= Beginning of Section =
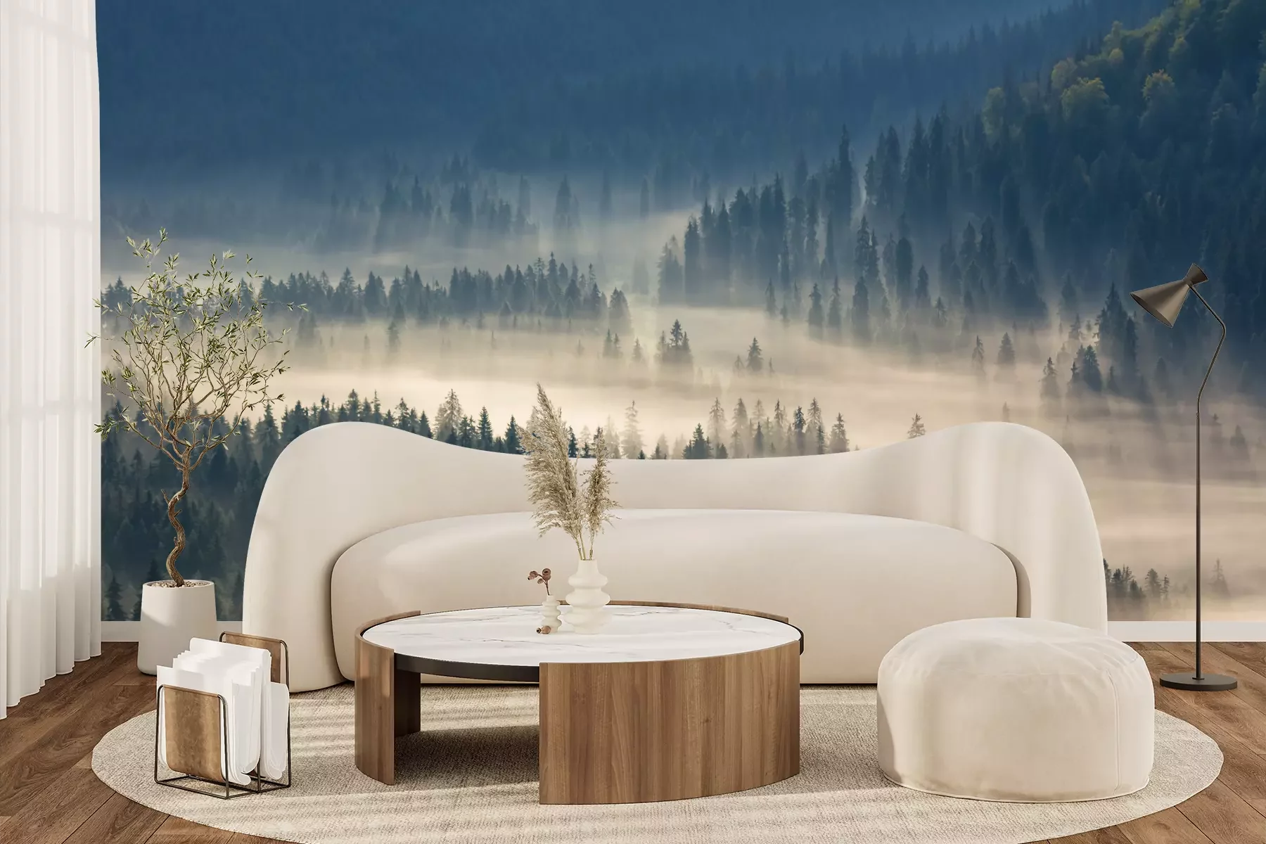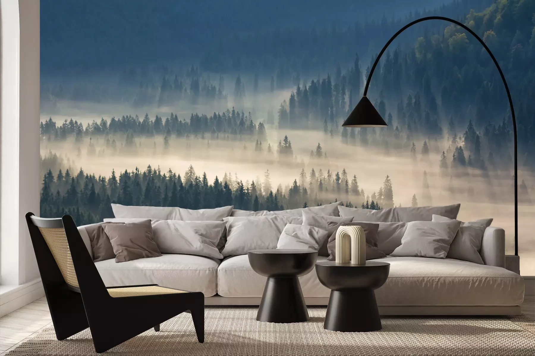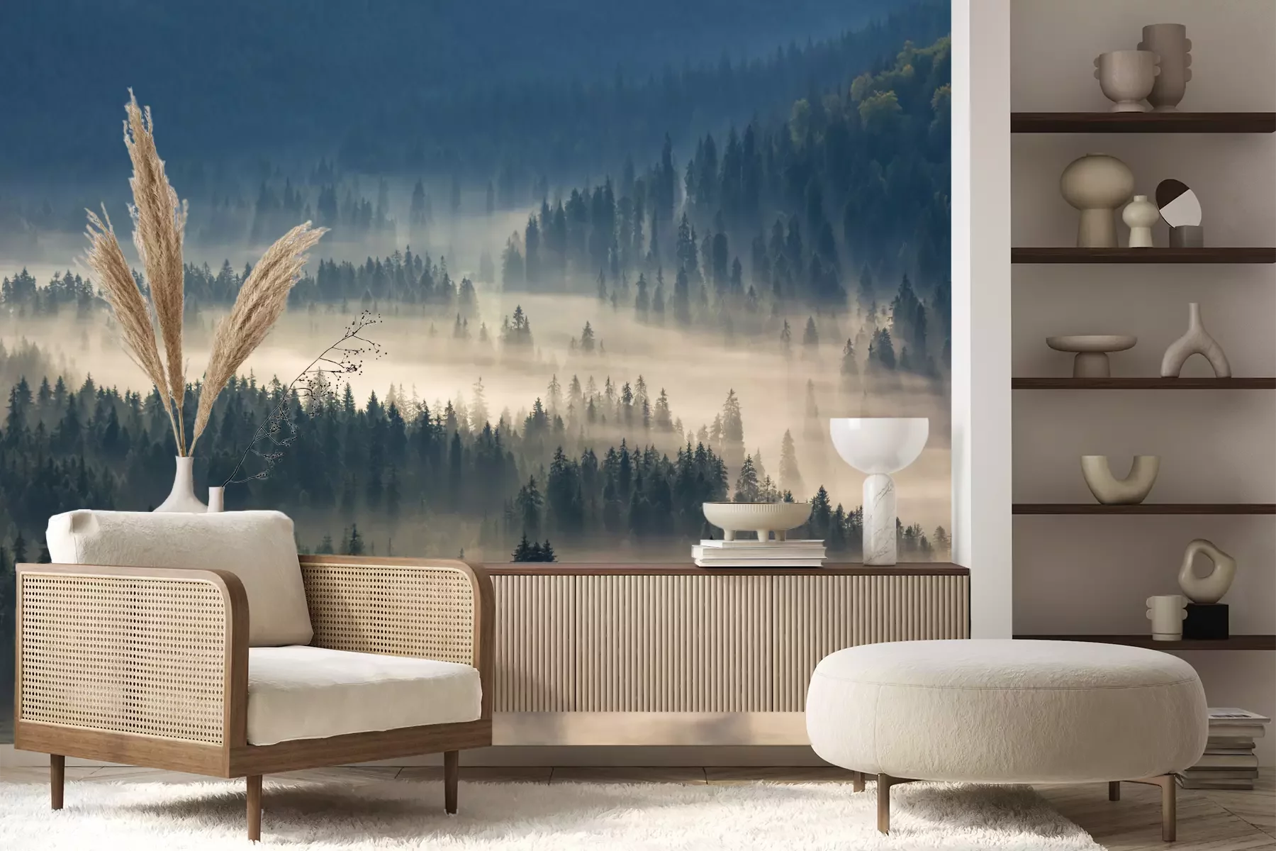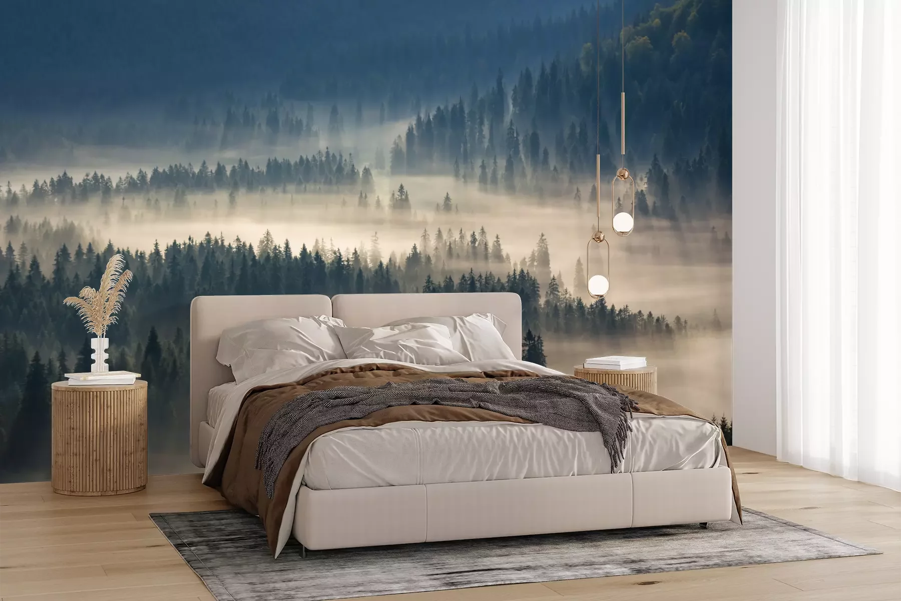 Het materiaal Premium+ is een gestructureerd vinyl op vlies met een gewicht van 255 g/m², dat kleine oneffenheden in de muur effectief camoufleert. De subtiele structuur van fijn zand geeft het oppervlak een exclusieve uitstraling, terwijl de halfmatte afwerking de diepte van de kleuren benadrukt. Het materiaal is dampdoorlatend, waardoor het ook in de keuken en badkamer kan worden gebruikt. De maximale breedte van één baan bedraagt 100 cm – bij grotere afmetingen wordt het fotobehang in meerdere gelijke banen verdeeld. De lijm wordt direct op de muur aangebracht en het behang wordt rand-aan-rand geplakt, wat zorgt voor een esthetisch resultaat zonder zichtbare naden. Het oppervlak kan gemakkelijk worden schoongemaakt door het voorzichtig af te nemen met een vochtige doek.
= End of Section =
= Beginning of Section =
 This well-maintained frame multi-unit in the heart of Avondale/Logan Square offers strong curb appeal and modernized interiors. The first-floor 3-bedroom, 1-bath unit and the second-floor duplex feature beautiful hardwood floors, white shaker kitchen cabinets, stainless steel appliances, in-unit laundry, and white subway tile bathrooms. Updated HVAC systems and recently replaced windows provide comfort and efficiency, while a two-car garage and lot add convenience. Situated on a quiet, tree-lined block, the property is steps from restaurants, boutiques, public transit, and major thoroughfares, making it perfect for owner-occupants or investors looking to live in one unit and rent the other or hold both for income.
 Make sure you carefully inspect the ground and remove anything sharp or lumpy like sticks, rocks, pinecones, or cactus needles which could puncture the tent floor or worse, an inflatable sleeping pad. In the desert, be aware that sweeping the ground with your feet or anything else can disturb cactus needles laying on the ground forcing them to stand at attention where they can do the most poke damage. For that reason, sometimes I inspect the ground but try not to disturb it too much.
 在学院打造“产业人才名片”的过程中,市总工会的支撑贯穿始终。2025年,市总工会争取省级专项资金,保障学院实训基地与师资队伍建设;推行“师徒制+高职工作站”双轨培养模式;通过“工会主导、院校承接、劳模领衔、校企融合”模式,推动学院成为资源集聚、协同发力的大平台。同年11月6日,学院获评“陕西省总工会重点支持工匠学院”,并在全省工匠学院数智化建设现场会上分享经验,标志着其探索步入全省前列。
= End of Section =
▶ _What is being asked_: Lines above with "floor" in them are the ones to copy.

▶ _Written solution_:
 This well-maintained frame multi-unit in the heart of Avondale/Logan Square offers strong curb appeal and modernized interiors. The first-floor 3-bedroom, 1-bath unit and the second-floor duplex feature beautiful hardwood floors, white shaker kitchen cabinets, stainless steel appliances, in-unit laundry, and white subway tile bathrooms. Updated HVAC systems and recently replaced windows provide comfort and efficiency, while a two-car garage and lot add convenience. Situated on a quiet, tree-lined block, the property is steps from restaurants, boutiques, public transit, and major thoroughfares, making it perfect for owner-occupants or investors looking to live in one unit and rent the other or hold both for income.
 Make sure you carefully inspect the ground and remove anything sharp or lumpy like sticks, rocks, pinecones, or cactus needles which could puncture the tent floor or worse, an inflatable sleeping pad. In the desert, be aware that sweeping the ground with your feet or anything else can disturb cactus needles laying on the ground forcing them to stand at attention where they can do the most poke damage. For that reason, sometimes I inspect the ground but try not to disturb it too much.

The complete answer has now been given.